So after going about this for an evening…
And ended up with four parts:
- Fixed reverse dns
- Missing perl plugin
- xhr-info taking 11+ seconds (blocking TOTP login)
- TOTP login redirecting to
:10000 after success
Reverse DNS
Was just that, simple enough.
xhr-info taking 11+ seconds (blocking TOTP login)
This was out of my depth but had a helping hand.
Problem: xhr-info taking 11+ seconds (blocking TOTP login)
Root cause chain:
Every xhr-info request (which the browser sends repeatedly during and after login) called theme_list_combined_system_info(). Because post_has('xhr-info') checks %in which includes GET query parameters, nocache was always true for xhr-info requests, bypassing the theme cache entirely. This forced a full system info collection on every single request.
That collection path hit two separate slow operations:
Slow call 1: virtual_server::collect_system_info called get_startstop_links() unconditionally, which ran systemctl show for every service on the system. Each systemctl show call took ~0.9 seconds, and there were multiple invocations, adding up to ~6 seconds total. This happened because authentic-lib.pl called virtual_server::collect_system_info('manual') without checking whether the virtualmin collected cache was still fresh.
Fix: Patched authentic-lib.pl to check the age of the virtualmin collected file before triggering a full virtual_server::collect_system_info. If the file is newer than collect_interval minutes, skip the recollection and use cached data.
Also patched virtual-server/collect-lib.pl to use ||= instead of = when populating startstop, so it won’t overwrite an already-populated value from the cache.
Also disabled refresh_startstop_status() in xhr-lib.pl — this was a redundant live systemd query called before theme_list_combined_system_info on every xhr-info request.
Slow call 2: get_cpu_io_usage calls select(undef, undef, undef, 0.5) for a 0.5-second sleep between two CPU sampling reads. In miniserv’s forked child process, Perl’s select() with no file descriptor sets interacts with miniserv’s master event loop — the master polls via pselect6([5 6 10], timeout=2s) and won’t notice the child has finished until the next 2-second poll cycle. With multiple concurrent requests each triggering this sleep, the master accumulated multiple 2-second poll misses, resulting in ~10 seconds of effective serialization delay even though the actual sleep was only 0.5 seconds.
Workaround: Disabled get_cpu_io_usage collection in system-status-lib.pl (if (0 && defined(...))) — CPU I/O stats are cosmetic and 2fa seems more important to have working. Also disabled collect_pkgs to prevent apt update checks.
Supporting fixes:
- Disabled the boot-time webmincron cron (
scheduled_collect_system_info) which was acquiring the in-memory lock at startup and never releasing it, causing all subsequent collection attempts to hit “Already running”

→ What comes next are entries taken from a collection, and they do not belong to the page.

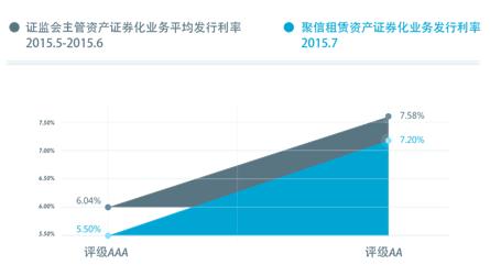 7月8日,第一创业聚信租赁一期资产支持专项计划在公开债券市场成功招标发行。最终优先A1档(AAA)中标利率为5.5%;优先A2档(评级AA)中标利率为7.2%。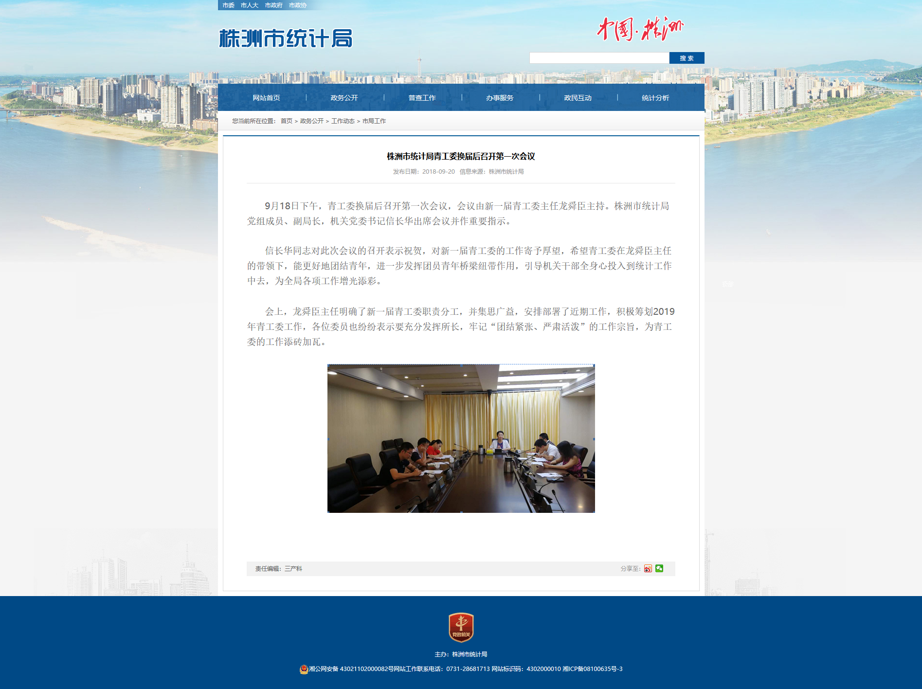 9月18日下午,青工委换届后召开第一次会议,会议由新一届青工委主任龙舜臣主持。株洲市统计局党组成员、副局长,机关党委书记信长华出席会议并作重要指示。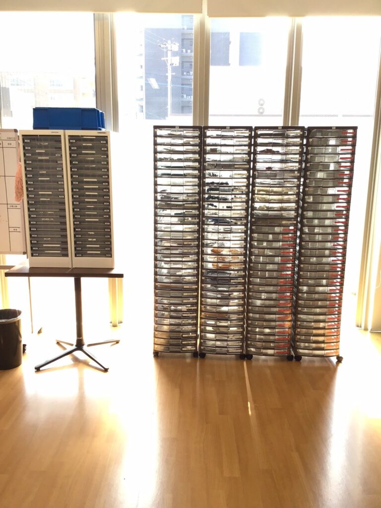 特にピッキングの訓練を行うための棚はひときわ目立つ存在になっています!
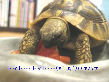 今日の奇跡マイお気に入りココナッツ亀と我が家の王子様の2ショット(*´∀`*)ガラス越しだけど、並んじゃってかわゆぃのう♪かわゆぃのう♪♪今日の夜メニューはタンポポ、クローバー、大根の葉、ミニトマトまぁ、最初に飛びつくのは言うまでも無く・・・でも、ミニトマトを食した直後に必ずシッコ&尿酸かますのは何故ですか??身体の中の水分許容量でもあるのでしょうか・・・不思議。ミニトマト制覇すると、しばらくミニトマト探してた・・・ミ「おかわりはーーー??」さ「ないッす、あげないッす。」しかし、王子のおかわり顔はカワィィなあ( ´∀`)クダすからあげなぃけどねーーー(`∀´)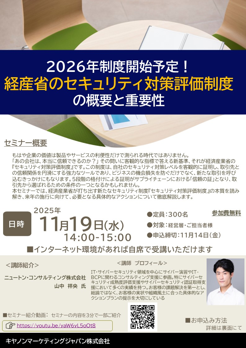 本セミナーでは、経済産業省が打ち出す新たなセキュリティ制度『セキュリティ対策 評価制度』の本質を読み解き、来年の施行に向けて、必要となる具体的なアクション について徹底解説します。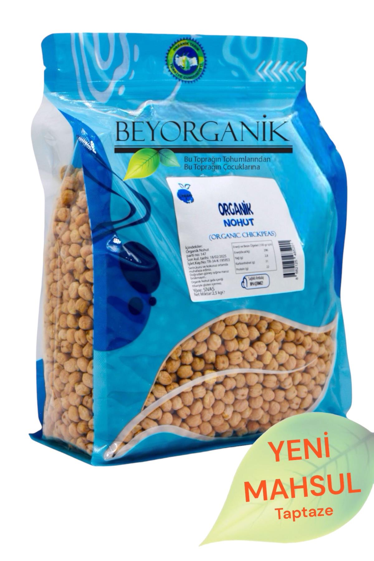 BEYORGANİK - Toptan Organik Nohut 2,5kg (PESTİSİT VE AFLATOKSİN ANALİZLİ)-12 Adet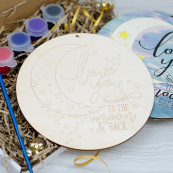 A fun and easy creative project to paint at home perfect for children or adults. Spend some time being creative with our love you to the moon and back DIY wooden plaque in this painting kit which contains everything you need to decorate and paint your encouraging positive banner and rainbow magnet.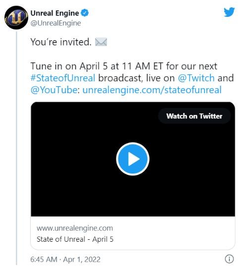 虛幻引擎官方網(wǎng)站上的公告稱:“在 4 月 5 日加入我們的 State of Unreal 直播,我們將在這里探索游戲未來的發(fā)展趨勢 —— 并宣布一些令人興奮的消息。”

- Disabled the 5-minute interval webmincron cron for the same reason
- Set
collect_interval=5 and collect_pkgs=0 in /etc/webmin/system-status/config
- Installed
Net::WebSocket::Server (via CPAN + libprotocol-websocket-perl via apt) so stats.pl can start when needed
TOTP login redirecting to :10000 after success
This could only be captured after a successfull login, webmin sent back a redirect to fqdn and port 10000 which was not intercepted by the nginx config for virtualmin.
Adding this to the config resolved it:
proxy_redirect https://[fqdn]:10000/ https://[fqdn]/;
Logins are now sub second or close enough.
Files modified
| File |
Change |
/usr/share/webmin/authentic-theme/authentic-lib.pl |
Skip virtualmin collect_system_info if collected file is fresh |
/usr/share/webmin/authentic-theme/xhr-lib.pl |
Disabled refresh_startstop_status() call |
/usr/share/webmin/virtual-server/collect-lib.pl |
Use ||= for startstop to preserve cached value |
/usr/share/webmin/system-status/system-status-lib.pl |
Disabled get_cpu_io_usage block |
/etc/webmin/system-status/config |
collect_interval=5, collect_pkgs=0 |
/etc/webmin/webmincron/crons/1776370355146080.cron |
Renamed to .off (interval cron disabled) |
/etc/webmin/webmincron/crons/1776370355146081.cron |
Removed boot=1 (boot cron disabled) |
/etc/nginx/sites-available/virtualmin-control |
Added proxy_redirect for [fqdn]:10000 |
Would very much like a review of these changes from some one more knowledgable of virtualmin than me. Haven’t even been working with this system for a month yet.
Also, would this be considered the solution? I’ll wait a day or two for some response before selecting this as a soltuon if nothing else pops up here.